General Session: Biomechanics - Hall F
Presented by: P. Passias
P. Passias(1), S. Horn(1), G. Poorman(1), J. Moon(1), P. Zhou(1), J. Tishelman(1), L. Steinmetz(1), C. Bortz(1), F. Segreto(1), D. Ge(1), B. Beaubrun(1), C. Jalai(1), M. Gerling(1), A. Buckland(1), V. Lafage(2)
(1) New York University Langone Orthopedic Hospital, Division of Spinal Surgery, New York, NY, United States
(2) Hospital for Special Surgery, Department of Orthopaedic Surgery, New York, NY, United States
Introduction: Few studies have investigated the impact of cervical deformity (CD) on lower limb compensation. Previous reports show that thoracolumbar deformity (TLD) affects lower limb compensation and cervical spine alignment. The aim of this study was to assess patients with radiographically defined CD with and without concurrent TLD to identify differences in pelvic and lower limb compensation.

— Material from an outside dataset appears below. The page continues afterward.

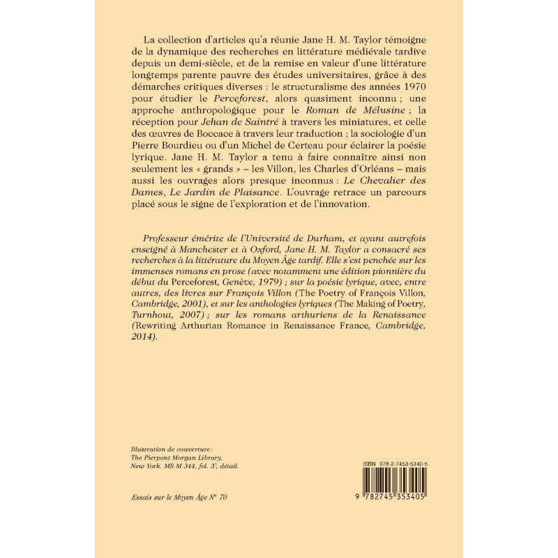 La collection d’articles qu’a réunie Jane H. M. Taylor témoigne de la dynamique des recherches en littérature médiévale tardive depuis un demi-siècle, et de la remise en valeur d’une littérature longtemps parente pauvre des études universitaires, grâce à des démarches critiques diverses : le structuralisme des années 1970 pour étudier le Perceforest, alors quasiment inconnu ; une approche anthropologique pour le Roman de Mélusine ; la réception pour Jehan de Saintré à travers les miniatures, et celle des œuvres de Boccace à travers leur traduction ; la sociologie d’un Pierre Bourdieu ou d’un Michel de Certeau pour éclairer la poésie lyrique. Jane H. M. Taylor a tenu à faire connaître ainsi non seulement les « grands » – les Villon, les Charles d’Orléans – mais aussi les ouvrages alors presque inconnus : Le Chevalier des Dames, Le Jardin de Plaisance. L’ouvrage retrace un parcours placé sous le signe de l’exploration et de l’innovation.

Methods: Single center retrospective review of patients with full body stereoradiographic x-rays ages≥18 years with radiographic CD defined as at least one of the following: cervical sagittal vertical axis (cSVA)>4cm, C2-C7 lordosis (CL)>10º, T1 slope - CL (TS-CL)>20 º, or chin brow vertical angle (CBVA)>25 º. TLD was defined as at least one of the following: SVA>4cm, PI-LL>10°, or PT>20°. Patients were grouped on the basis of TLD presence into two groups: CD-only or CD with concomitant TLD(CD-TLD). Patients were propensity score matched for age, gender, and BMI and were then evaluated for regional, global, and lower limb compensation: cSVA, CL, TS-CL, CBVA, thoracic kyphosis(TK), T1 pelvic angle(TPA), T1 slope(T1S), sagittal vertical axis(SVA), lumbar lordosis(LL), spino-pelvic mismatch(PI-LL), and pelvic tilt(PT); C0-C2, C0, C1, C2 slope, slope of line of sight(SLS), sacrofemoral angle(SFA), knee flexion(KA), ankle flexion(AA), pelvic shift(PS), global sagittal angle(GSA). Clinical
Outcomes: Neck Disability Index(NDI), Oswestry Disability Index(ODI), Visual Analog Scale(VAS). Alignment and clinical outcome differences between the groups were assessed with independent t-tests.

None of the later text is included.